DATA FOR THIS TASK
....
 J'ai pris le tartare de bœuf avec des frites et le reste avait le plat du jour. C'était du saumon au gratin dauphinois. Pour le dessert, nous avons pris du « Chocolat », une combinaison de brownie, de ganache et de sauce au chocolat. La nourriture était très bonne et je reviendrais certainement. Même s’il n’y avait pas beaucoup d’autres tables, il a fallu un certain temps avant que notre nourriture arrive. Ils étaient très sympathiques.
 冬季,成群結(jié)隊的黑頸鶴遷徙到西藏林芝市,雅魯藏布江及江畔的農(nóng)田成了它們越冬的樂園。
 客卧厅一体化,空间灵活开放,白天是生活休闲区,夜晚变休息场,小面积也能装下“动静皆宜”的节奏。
....
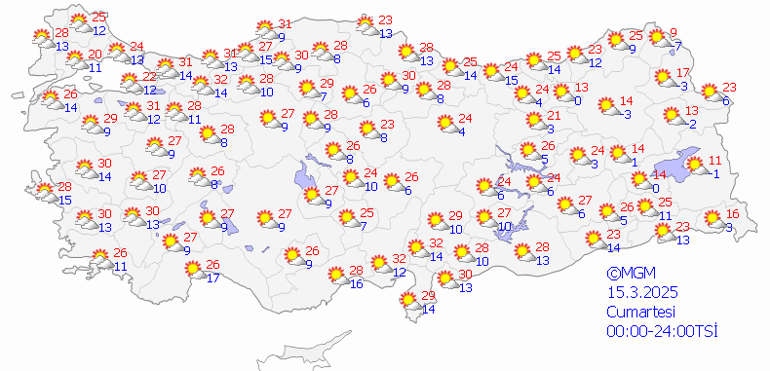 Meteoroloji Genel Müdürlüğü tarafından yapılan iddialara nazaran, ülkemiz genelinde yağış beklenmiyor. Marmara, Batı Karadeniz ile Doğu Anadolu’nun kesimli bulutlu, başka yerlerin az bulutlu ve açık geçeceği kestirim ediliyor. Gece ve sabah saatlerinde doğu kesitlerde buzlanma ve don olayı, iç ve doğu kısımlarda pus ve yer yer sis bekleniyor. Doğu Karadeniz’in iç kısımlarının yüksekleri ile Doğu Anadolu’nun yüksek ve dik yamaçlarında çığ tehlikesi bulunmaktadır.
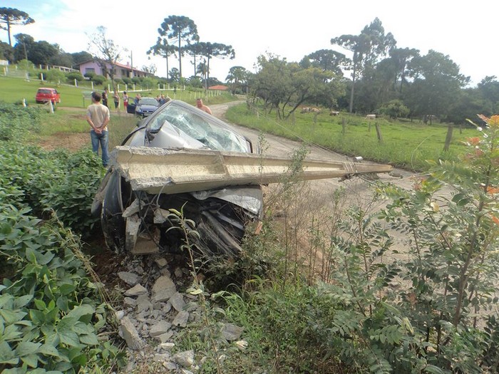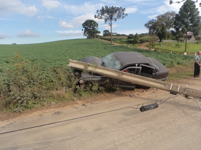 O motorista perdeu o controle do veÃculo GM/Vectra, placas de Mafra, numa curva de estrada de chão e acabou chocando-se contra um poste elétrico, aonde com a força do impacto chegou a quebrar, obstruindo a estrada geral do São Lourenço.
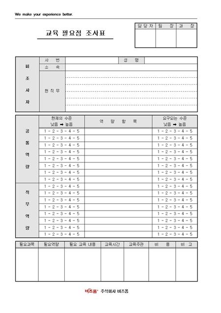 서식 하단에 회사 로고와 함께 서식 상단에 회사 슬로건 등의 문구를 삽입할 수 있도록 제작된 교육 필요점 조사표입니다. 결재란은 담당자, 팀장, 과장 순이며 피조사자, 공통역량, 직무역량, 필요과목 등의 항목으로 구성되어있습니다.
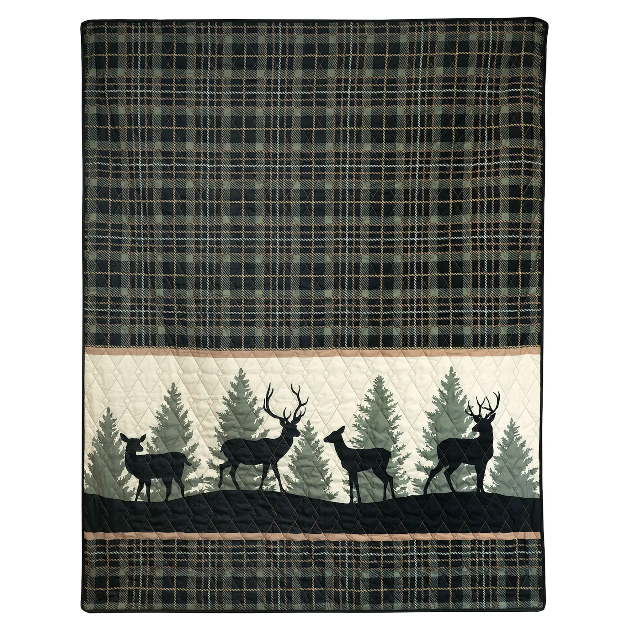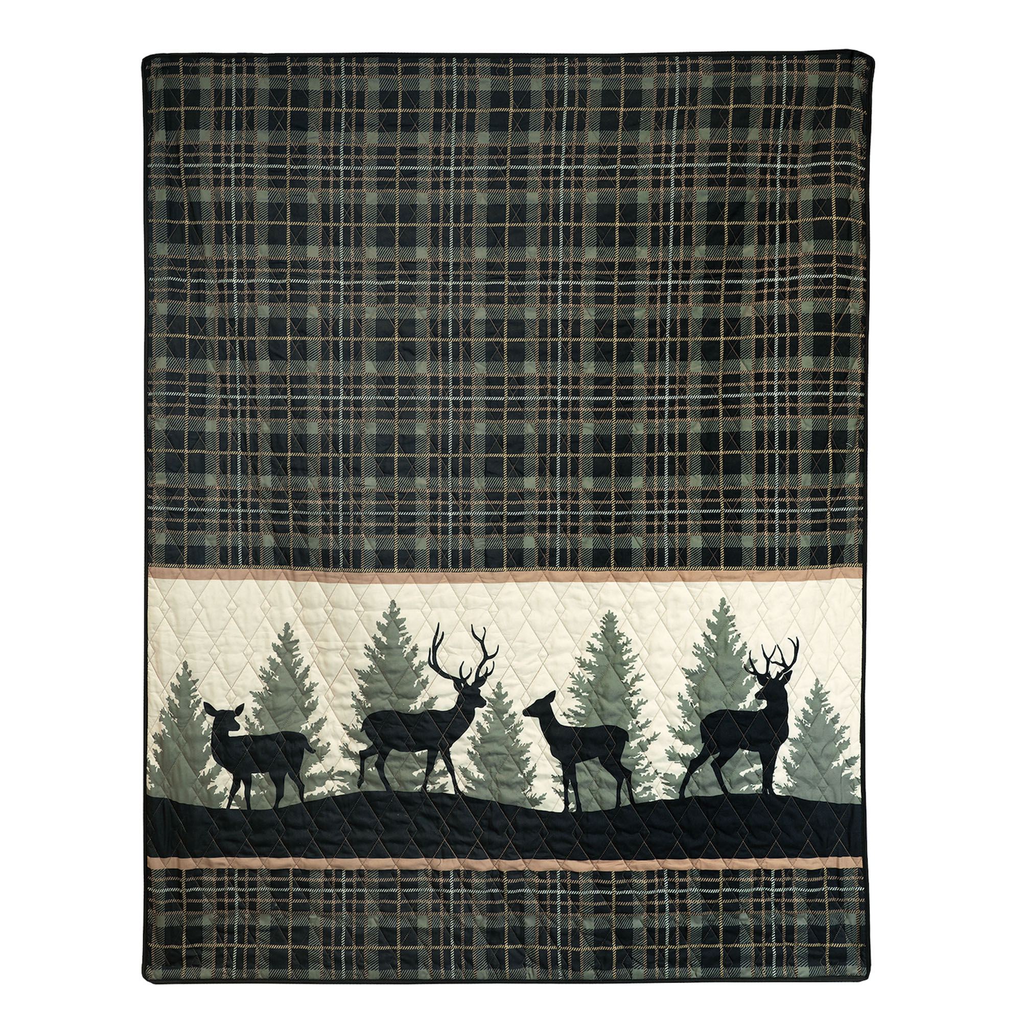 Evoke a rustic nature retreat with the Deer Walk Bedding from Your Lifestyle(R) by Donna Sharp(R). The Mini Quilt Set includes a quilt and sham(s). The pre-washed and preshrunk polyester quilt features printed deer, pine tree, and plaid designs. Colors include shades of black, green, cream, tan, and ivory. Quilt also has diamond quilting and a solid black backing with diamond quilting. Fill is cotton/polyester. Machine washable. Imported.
....
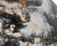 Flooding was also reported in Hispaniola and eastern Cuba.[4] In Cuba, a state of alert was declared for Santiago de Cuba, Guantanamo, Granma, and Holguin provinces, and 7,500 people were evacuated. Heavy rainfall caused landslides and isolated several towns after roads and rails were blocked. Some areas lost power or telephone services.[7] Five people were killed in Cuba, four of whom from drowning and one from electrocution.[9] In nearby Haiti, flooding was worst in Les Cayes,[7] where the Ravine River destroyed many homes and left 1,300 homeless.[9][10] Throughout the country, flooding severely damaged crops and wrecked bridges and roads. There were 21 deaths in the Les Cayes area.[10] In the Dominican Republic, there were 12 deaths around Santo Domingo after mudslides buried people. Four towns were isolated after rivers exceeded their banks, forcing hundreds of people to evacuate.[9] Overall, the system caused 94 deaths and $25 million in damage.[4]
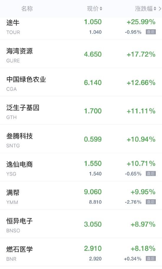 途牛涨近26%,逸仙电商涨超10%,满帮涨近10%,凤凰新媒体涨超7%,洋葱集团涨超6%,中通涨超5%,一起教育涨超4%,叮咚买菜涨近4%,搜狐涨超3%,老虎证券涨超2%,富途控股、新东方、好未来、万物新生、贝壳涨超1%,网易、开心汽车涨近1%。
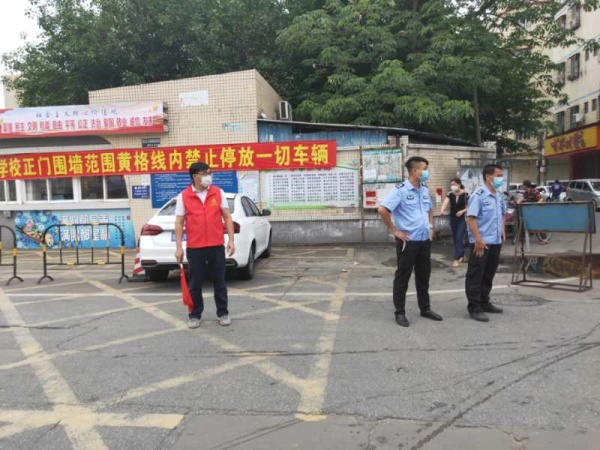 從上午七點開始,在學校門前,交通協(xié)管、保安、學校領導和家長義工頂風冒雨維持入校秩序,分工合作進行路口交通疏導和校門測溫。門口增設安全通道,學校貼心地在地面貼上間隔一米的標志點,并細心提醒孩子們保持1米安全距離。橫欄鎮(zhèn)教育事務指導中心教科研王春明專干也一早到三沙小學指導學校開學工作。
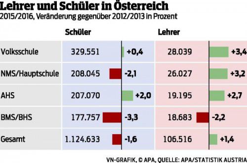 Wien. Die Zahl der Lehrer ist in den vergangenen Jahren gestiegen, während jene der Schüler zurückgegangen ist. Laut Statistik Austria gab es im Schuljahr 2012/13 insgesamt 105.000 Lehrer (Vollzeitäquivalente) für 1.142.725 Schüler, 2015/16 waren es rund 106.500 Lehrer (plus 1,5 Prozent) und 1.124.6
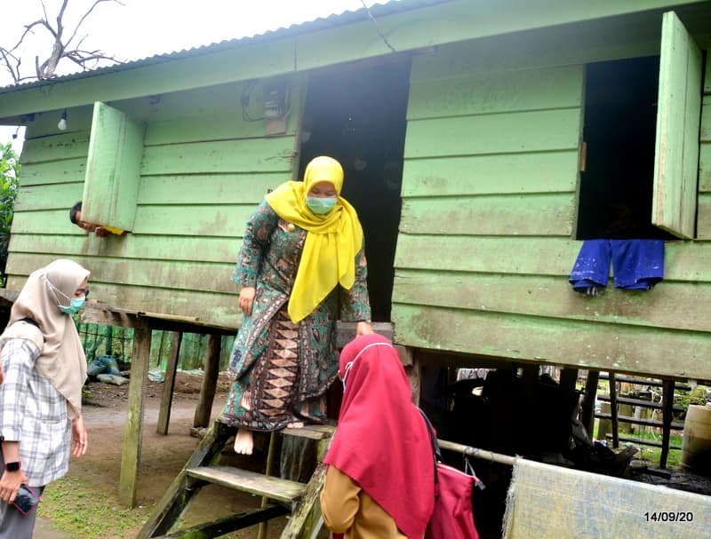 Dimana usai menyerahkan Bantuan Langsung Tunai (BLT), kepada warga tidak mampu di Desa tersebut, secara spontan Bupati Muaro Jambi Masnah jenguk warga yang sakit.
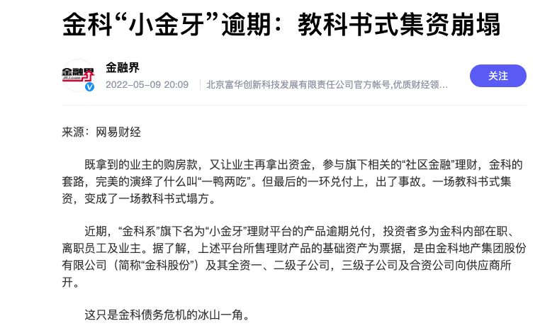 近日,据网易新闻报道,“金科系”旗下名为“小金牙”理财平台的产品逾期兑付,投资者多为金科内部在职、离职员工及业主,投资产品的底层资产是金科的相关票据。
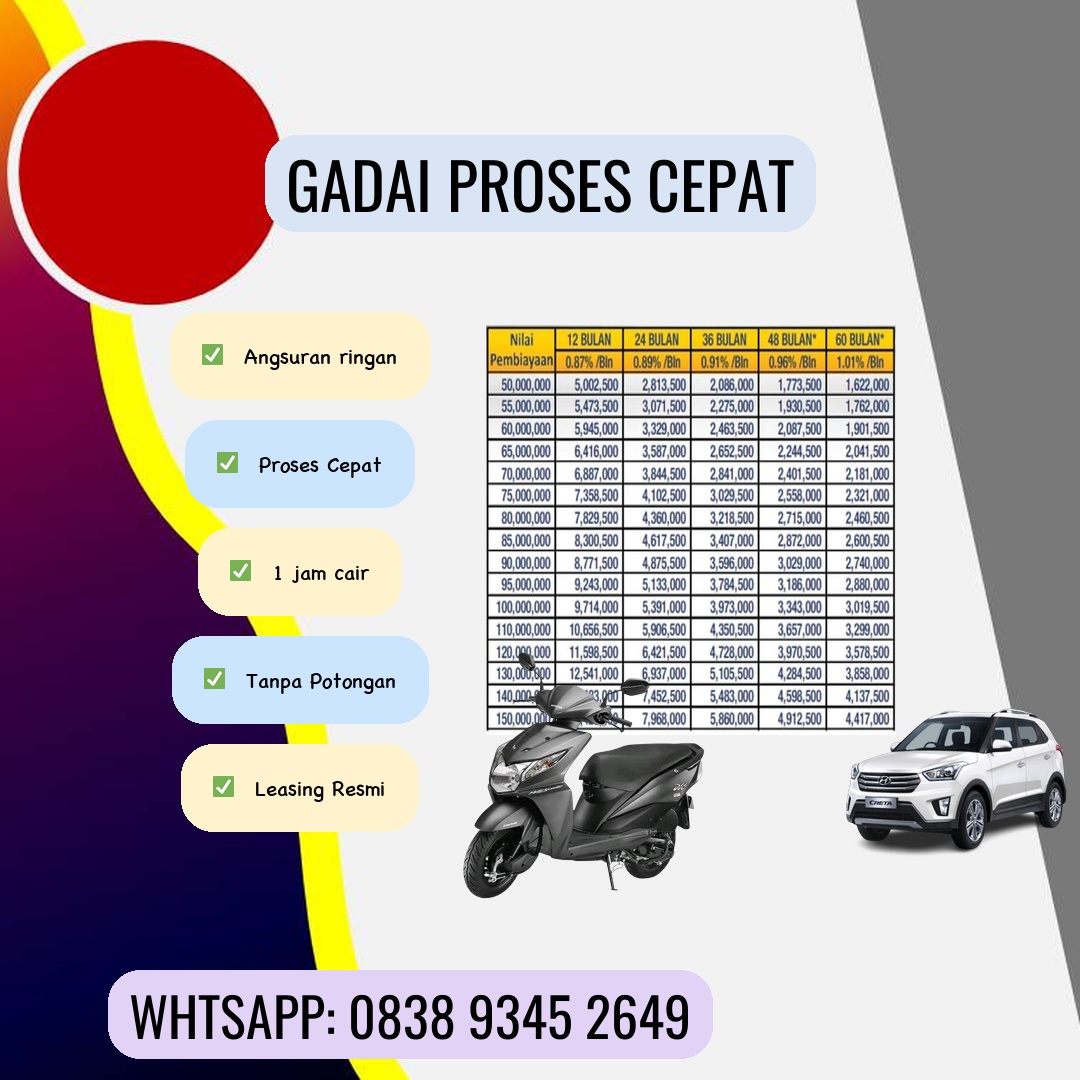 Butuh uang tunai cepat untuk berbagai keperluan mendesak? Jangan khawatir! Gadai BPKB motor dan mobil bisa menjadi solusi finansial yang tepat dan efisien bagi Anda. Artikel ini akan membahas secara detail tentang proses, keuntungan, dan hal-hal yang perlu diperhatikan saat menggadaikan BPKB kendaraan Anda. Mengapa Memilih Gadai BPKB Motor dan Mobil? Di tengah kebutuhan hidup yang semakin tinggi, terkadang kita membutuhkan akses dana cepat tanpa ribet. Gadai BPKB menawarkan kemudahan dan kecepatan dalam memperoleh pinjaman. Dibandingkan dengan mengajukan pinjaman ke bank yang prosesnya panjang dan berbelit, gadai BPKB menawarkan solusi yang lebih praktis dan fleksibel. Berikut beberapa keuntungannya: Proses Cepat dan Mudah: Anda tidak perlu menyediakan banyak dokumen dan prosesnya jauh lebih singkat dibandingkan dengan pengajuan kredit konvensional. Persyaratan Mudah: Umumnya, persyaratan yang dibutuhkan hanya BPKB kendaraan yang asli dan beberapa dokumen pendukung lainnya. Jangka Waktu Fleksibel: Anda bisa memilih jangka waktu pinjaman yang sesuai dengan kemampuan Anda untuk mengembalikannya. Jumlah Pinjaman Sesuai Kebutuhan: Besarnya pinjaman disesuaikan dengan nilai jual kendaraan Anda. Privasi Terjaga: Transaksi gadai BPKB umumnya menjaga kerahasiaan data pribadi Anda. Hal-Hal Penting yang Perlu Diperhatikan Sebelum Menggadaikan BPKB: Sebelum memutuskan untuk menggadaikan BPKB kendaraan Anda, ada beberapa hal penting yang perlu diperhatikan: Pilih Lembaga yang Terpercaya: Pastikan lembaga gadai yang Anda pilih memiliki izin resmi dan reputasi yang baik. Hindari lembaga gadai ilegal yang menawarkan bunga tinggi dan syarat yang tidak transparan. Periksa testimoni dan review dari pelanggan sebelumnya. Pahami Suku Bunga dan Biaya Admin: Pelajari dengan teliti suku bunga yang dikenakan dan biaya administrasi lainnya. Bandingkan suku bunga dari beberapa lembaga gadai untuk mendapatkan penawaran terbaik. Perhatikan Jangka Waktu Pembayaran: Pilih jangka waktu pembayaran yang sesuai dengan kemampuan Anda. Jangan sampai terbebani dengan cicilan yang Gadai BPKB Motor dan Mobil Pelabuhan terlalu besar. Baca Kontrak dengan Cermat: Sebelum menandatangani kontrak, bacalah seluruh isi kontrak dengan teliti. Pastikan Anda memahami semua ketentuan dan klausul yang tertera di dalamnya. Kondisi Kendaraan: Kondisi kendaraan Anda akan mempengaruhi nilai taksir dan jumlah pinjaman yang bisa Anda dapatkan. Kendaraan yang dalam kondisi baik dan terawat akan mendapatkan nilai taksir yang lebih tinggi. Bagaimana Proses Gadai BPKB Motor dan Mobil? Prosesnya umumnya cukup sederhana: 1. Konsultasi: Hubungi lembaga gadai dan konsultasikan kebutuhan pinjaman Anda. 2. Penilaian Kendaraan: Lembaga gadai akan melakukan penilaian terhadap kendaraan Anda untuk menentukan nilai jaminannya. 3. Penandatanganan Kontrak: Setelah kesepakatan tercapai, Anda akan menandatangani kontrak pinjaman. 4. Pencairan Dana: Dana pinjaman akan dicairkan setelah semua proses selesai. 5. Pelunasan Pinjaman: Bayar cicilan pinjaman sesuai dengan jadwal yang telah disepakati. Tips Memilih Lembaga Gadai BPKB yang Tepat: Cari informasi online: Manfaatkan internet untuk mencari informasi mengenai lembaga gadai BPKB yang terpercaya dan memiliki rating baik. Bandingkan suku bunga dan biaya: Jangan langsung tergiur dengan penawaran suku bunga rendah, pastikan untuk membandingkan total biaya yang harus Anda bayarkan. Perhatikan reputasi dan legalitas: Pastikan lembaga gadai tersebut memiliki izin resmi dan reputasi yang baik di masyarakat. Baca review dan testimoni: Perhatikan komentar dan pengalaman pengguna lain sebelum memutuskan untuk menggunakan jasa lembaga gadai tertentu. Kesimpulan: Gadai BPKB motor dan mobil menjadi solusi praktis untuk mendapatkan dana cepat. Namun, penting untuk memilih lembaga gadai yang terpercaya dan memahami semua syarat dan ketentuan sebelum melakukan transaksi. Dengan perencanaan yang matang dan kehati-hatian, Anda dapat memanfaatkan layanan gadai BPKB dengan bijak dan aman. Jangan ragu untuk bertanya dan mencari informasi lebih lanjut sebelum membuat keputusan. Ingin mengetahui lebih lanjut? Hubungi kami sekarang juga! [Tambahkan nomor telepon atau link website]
....
WORK INSTRUCTIONS
Print, from the entries above, the line with "冬季,成群結(jié)隊的黑", the line with "客卧厅一体化,空间灵活开放,白天是生活休" and all lines between them, exactly and with nothing else.

COMPLETED TASK
 冬季,成群結(jié)隊的黑頸鶴遷徙到西藏林芝市,雅魯藏布江及江畔的農(nóng)田成了它們越冬的樂園。
 客卧厅一体化,空间灵活开放,白天是生活休闲区,夜晚变休息场,小面积也能装下“动静皆宜”的节奏。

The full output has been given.